Nyusi's pardons have become a contentious issue – not least because of a lack of clarity about what the president means by the word 'pardon.' What Nyusi has been promoting could be in fact more similar to an indemnity, rather than a pardon. While the individuals publicly pardoned by Nyusi so far have not been through legal or criminal proceedings, they seem to have been cleared of any wrongdoings by the president. Cabo Ligado understands that those who have been pardoned may have not been insurgents executing attacks and killings, but rather people who were captured by the insurgency and forced to carry out activities that support the insurgency such as logistical tasks. A breakdown of such categories is essential to understand the structure of the insurgency and evolving relations within it. Some of those taken hostage or forcibly recruited, may for example, become radical loyalists. Nyusi's proclamations do not lend greater clarity to this. 

Nevertheless, prosecutions are taking place. The Judicial Court of Niassa province has opened proceedings against 15 people suspected of recruiting for the insurgency, according to Óscar Basílio, the court's Judge-President, who was cited by Lusa on 7 November. Mozambique's justice system has so far had a poor track record of convicting individuals for offenses related to the insurgency.

While Nyusi spoke in Nampula, Mozambican Prime Minister Adriano Maleiane paid a three-day visit to Cabo Delgado, between 10 and 12 November. Maleiane's visit focused on Palma and Mocímboa da Praia, areas where the government has been pushing for resumption of gas project activities. According to Rádio Moçambique, the prime minister was "impressed" with the pace of reconstruction of infrastructure at Palma, but admitted that the insurgents’ move into the south of the province is a "worry" to authorities. In a meeting with Maleiane in Pemba, the President of Cabo Delgado's Business Council, Mamudo Irage, asked for forgiveness of tax arrears for businesses operating in the province, as well as a reduction in taxes in the future.

In what would be another sign of the government reaffirming its jurisdiction in conflict-hit areas, Justice Minister Helena Kida said that justice institutions such as courts and notaries will soon resume activities in Cabo Delgado districts hit by the insurgency, Rádio Moçambique reported, without giving a precise date. 

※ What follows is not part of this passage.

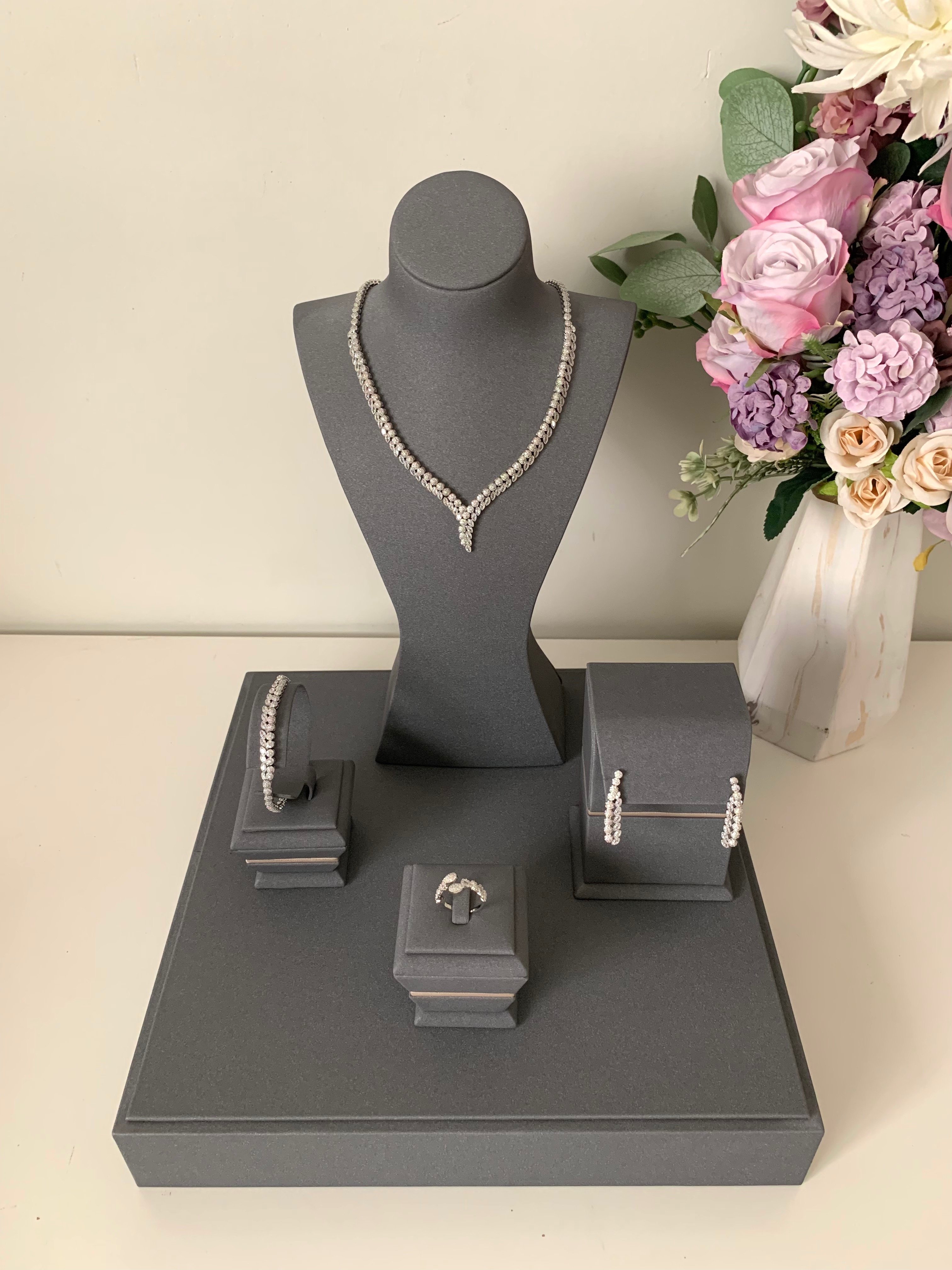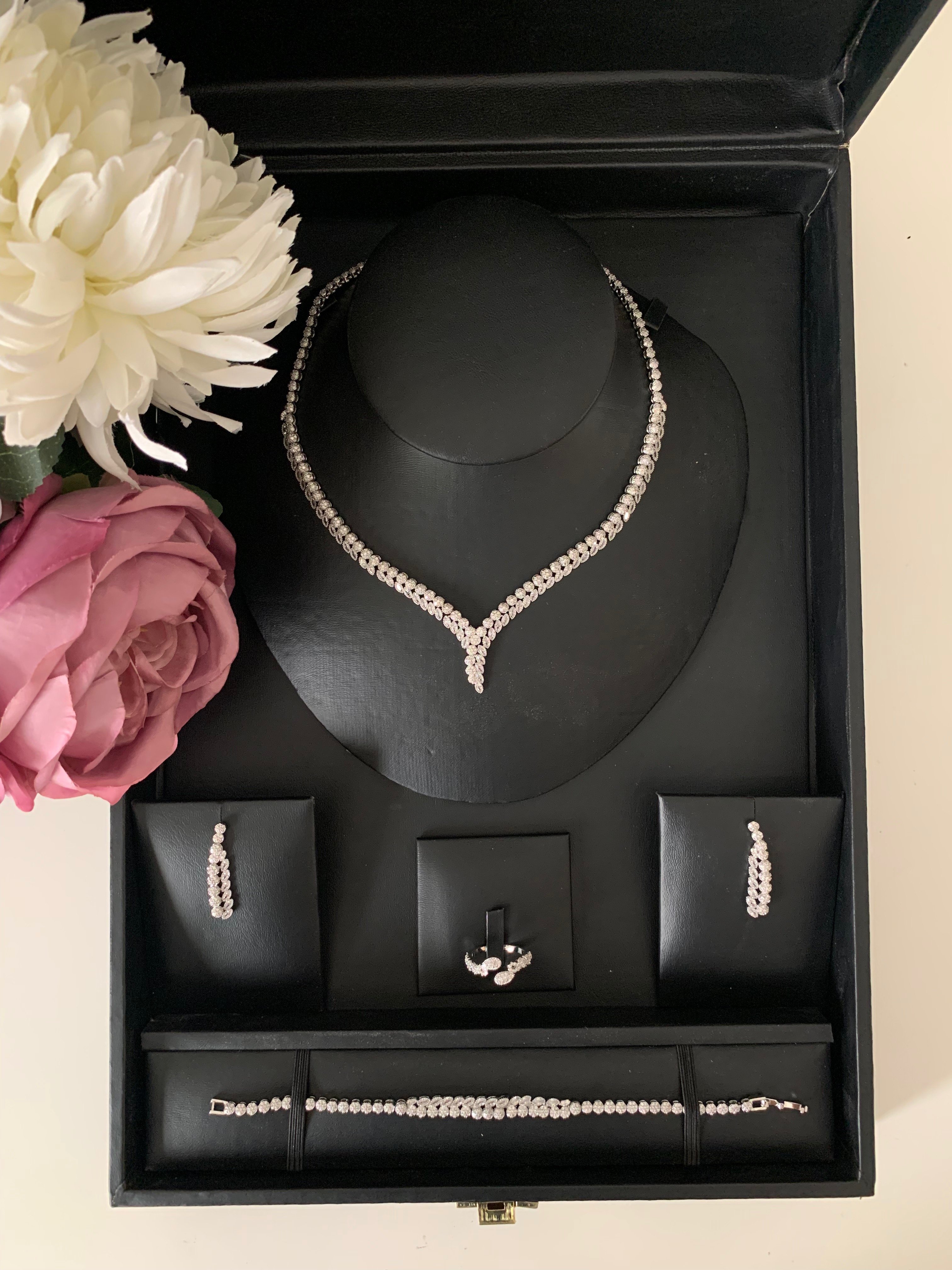 - يحتوي الطقم على (عقد - اقراط اذن (حلق ) - خاتم - اسورة يد)

The insurgency in Mozambique was the main topic at last week’s meetings of the African Union (AU) Peace and Security Council (PSC) in Addis Ababa. In a communiqué released on 14 November, the AUPSC recognized efforts of the SADC Mission in Mozambique (SAMIM), and the support of the Rwandan Defence Force (RDF), but also expressed concerns over the "financial challenges SAMIM continues to experience." 

The AUSPC thanked the European Union (EU) for €14 million it has provided through its Early Response Mechanism and the European Peace Facility for peacebuilding efforts in Mozambique, but called on the AU Commission “to continue engaging with the EU to explore all options to facilitate additional support to SAMIM.” It also asked the Commission to help to facilitate the delivery of military equipment which China has donated to the AU, directly to Mozambique through the port of Nacala. The AUSPC also called on “African countries with airlift capabilities” to help transport equipment which is currently at the AU’s Continental Logistics Depot in Douala, Cameroon, and which has been earmarked for SAMIM.

The World Food Programme (WFP) is running out of funding, and risks having to suspend assistance to one million people from February, the agency said. According to the statement, it requires $51 million to be able to continue its operation in Cabo Delgado as well as the United Nations Humanitarian Air Service which is run by the WFP on behalf of the whole humanitarian community. According to WFP, there are nearly 1.15 million people in the province who are suffering “crisis” or “emergency” hunger, with the latest data indicating the situation could deteriorate even further. "Something I want you to keep in mind and in your heart is that these people are displaced and traumatized multiple times," WFP's Mozambique Director Antonella D'Aprile said in a video, adding: "I appeal to the international community not to forget about Mozambique.”